- Your instructions:
Below is a listing to copy exactly; no image goes into the copy.

- Working data:
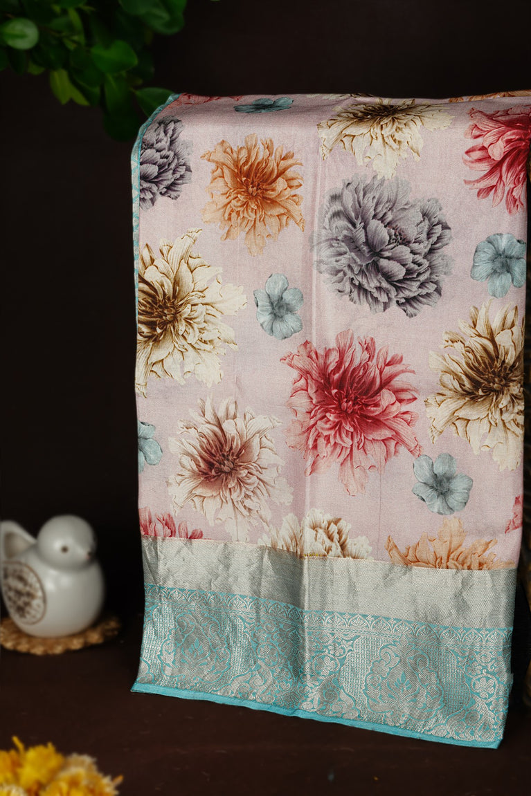 Mandir Light Pink & Sea Green Fancy Digital Print Saree
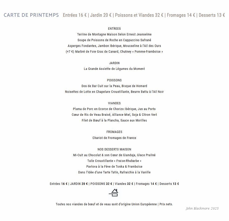 A vous de composer votre menu dans la carte. 1 Mise en Bouche, 1 Entrée, 1 Poisson ou 1 Viande, Fromage et 1 Dessert
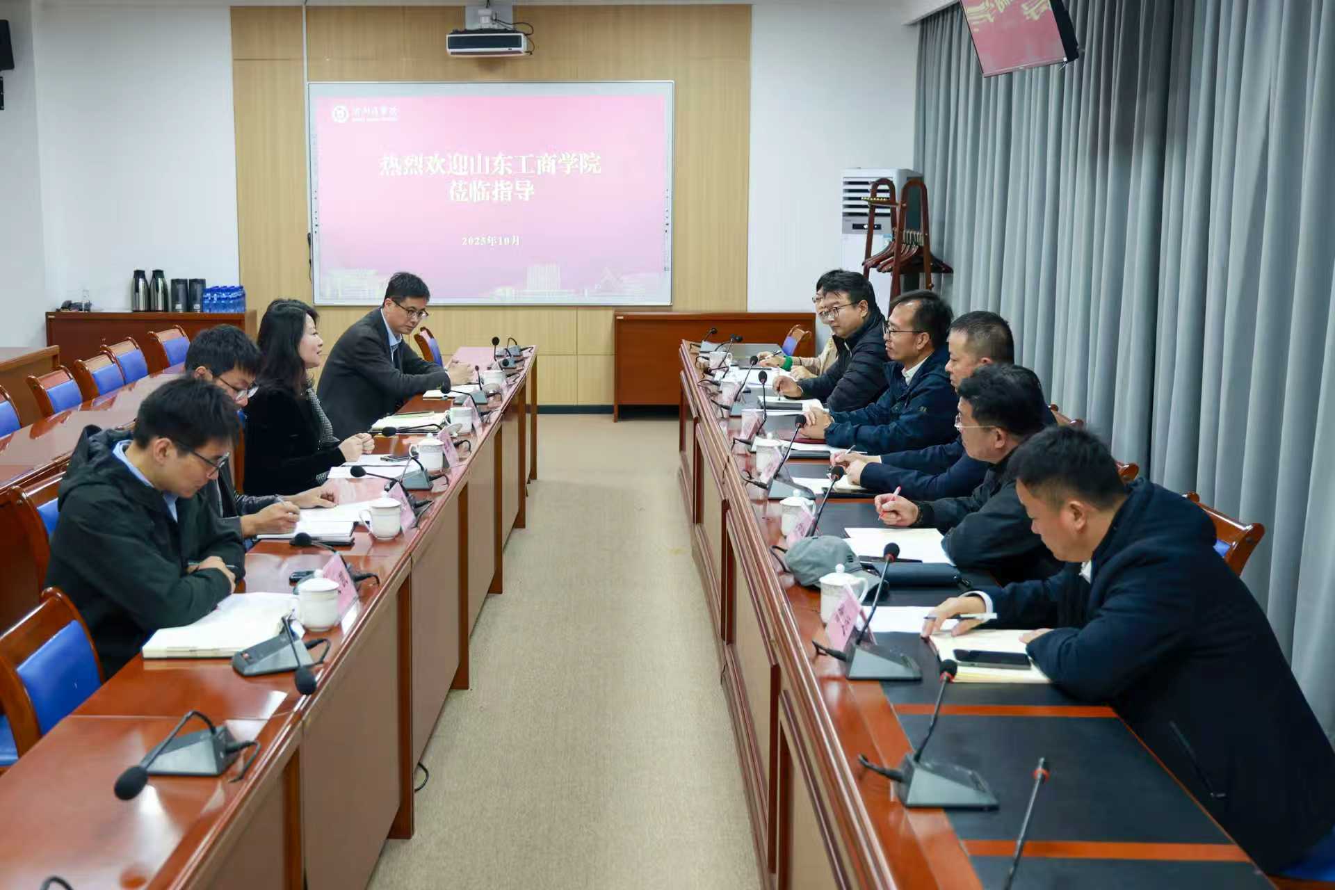 10月24日上午,山东工商学院党委委员、副院长杜曙光一行来校访问,交流科技成果转化等相关工作。校党委委员、副院长田梗会见来宾并座谈交流。
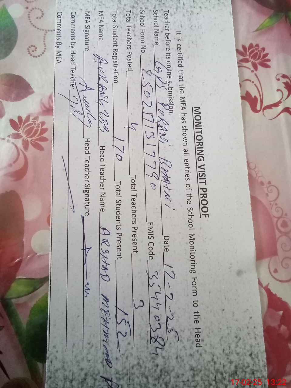 | Name: AR**** ME**** Designation: (School Headmaster's/Headmistress's) PST/PTC/JV Phone/Cell Number: 03**** |
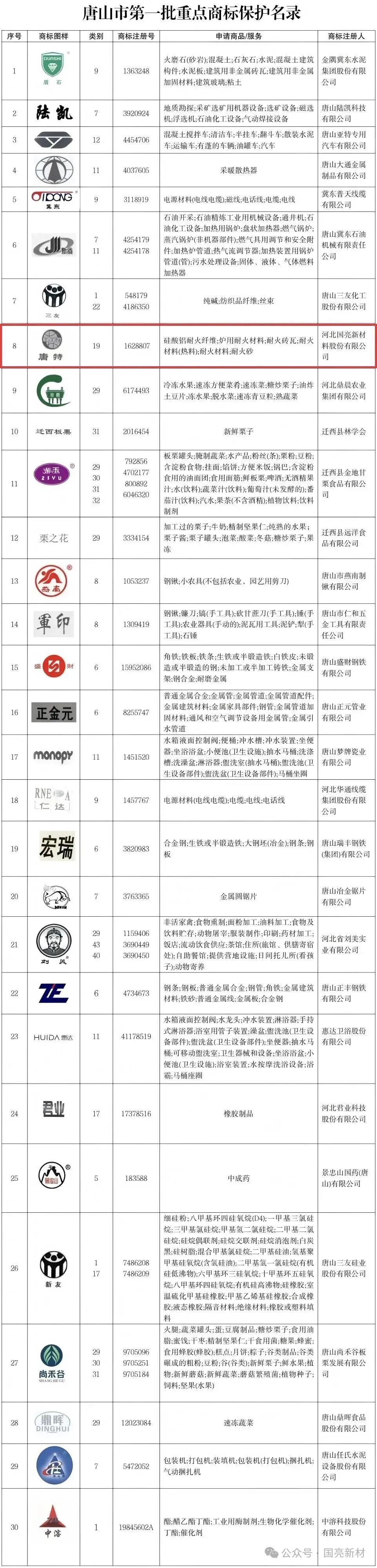 近日,唐山市市场监管局(知识产权局)正式发布《唐山市第一批重点商标保护名录》,河北国亮新材料股份有限公司(简称“国亮新材”)的“唐特”商标凭借深厚的品牌底蕴、突出的市场影响力及完善的商标保护体系,成功入选该名录,标志着公司在品牌保护与知识产权战略层面获重要权威认可。
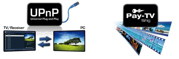 Zdjęcia, muzyka i filmy zapisane w pamięci dekodera TechniSat można (w obrębie zasięgu sieci WLAN) przeglądać na smartfonie lub tablecie. Można odtwarzać również nagrania, przy pomocy zainstalowanego media playera.
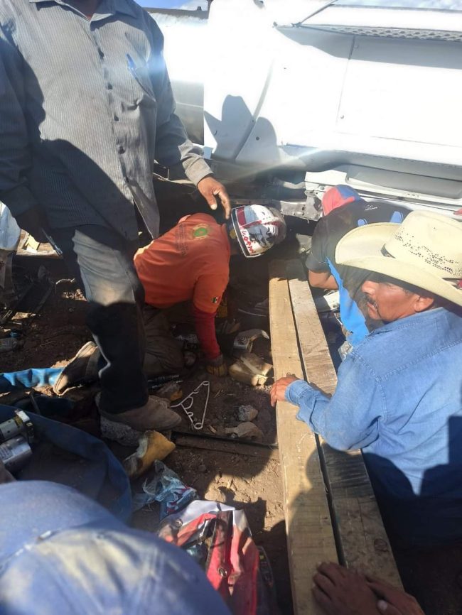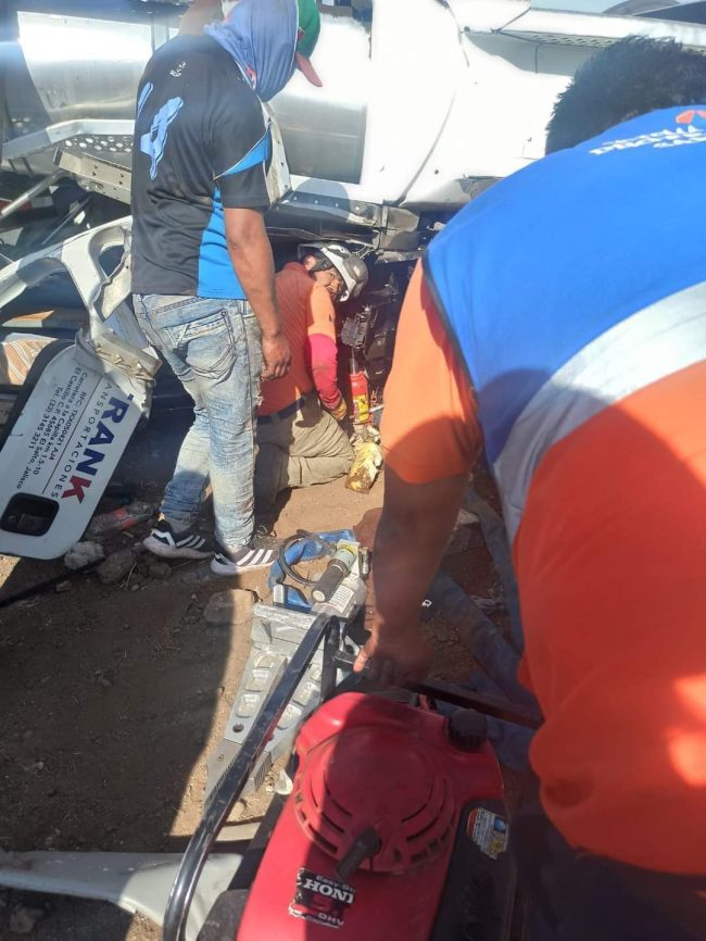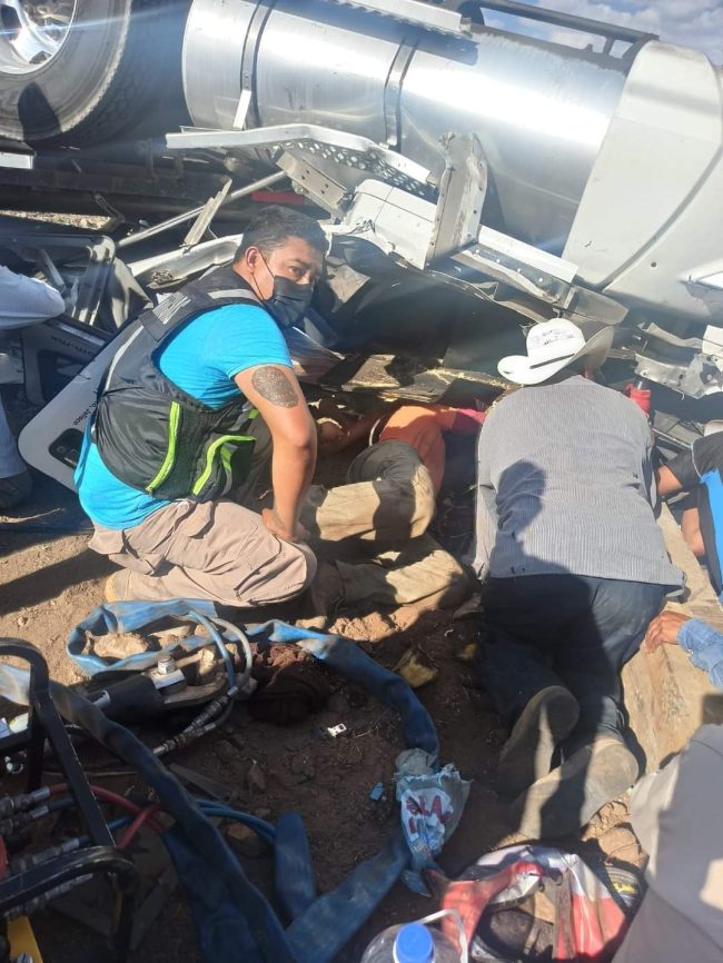 En el lugar se encontró un trailer con plataforma cargado con varilla, volteado y en su interior, una persona del sexo masculino, de 46 años, consciente, bien orientado, atrapado de miembros inferiores.

- Reply:
 Mandir Light Pink & Sea Green Fancy Digital Print Saree
 A vous de composer votre menu dans la carte. 1 Mise en Bouche, 1 Entrée, 1 Poisson ou 1 Viande, Fromage et 1 Dessert
 10月24日上午,山东工商学院党委委员、副院长杜曙光一行来校访问,交流科技成果转化等相关工作。校党委委员、副院长田梗会见来宾并座谈交流。
 | Name: AR**** ME**** Designation: (School Headmaster's/Headmistress's) PST/PTC/JV Phone/Cell Number: 03**** |
 近日,唐山市市场监管局(知识产权局)正式发布《唐山市第一批重点商标保护名录》,河北国亮新材料股份有限公司(简称“国亮新材”)的“唐特”商标凭借深厚的品牌底蕴、突出的市场影响力及完善的商标保护体系,成功入选该名录,标志着公司在品牌保护与知识产权战略层面获重要权威认可。
 Zdjęcia, muzyka i filmy zapisane w pamięci dekodera TechniSat można (w obrębie zasięgu sieci WLAN) przeglądać na smartfonie lub tablecie. Można odtwarzać również nagrania, przy pomocy zainstalowanego media playera.
 En el lugar se encontró un trailer con plataforma cargado con varilla, volteado y en su interior, una persona del sexo masculino, de 46 años, consciente, bien orientado, atrapado de miembros inferiores.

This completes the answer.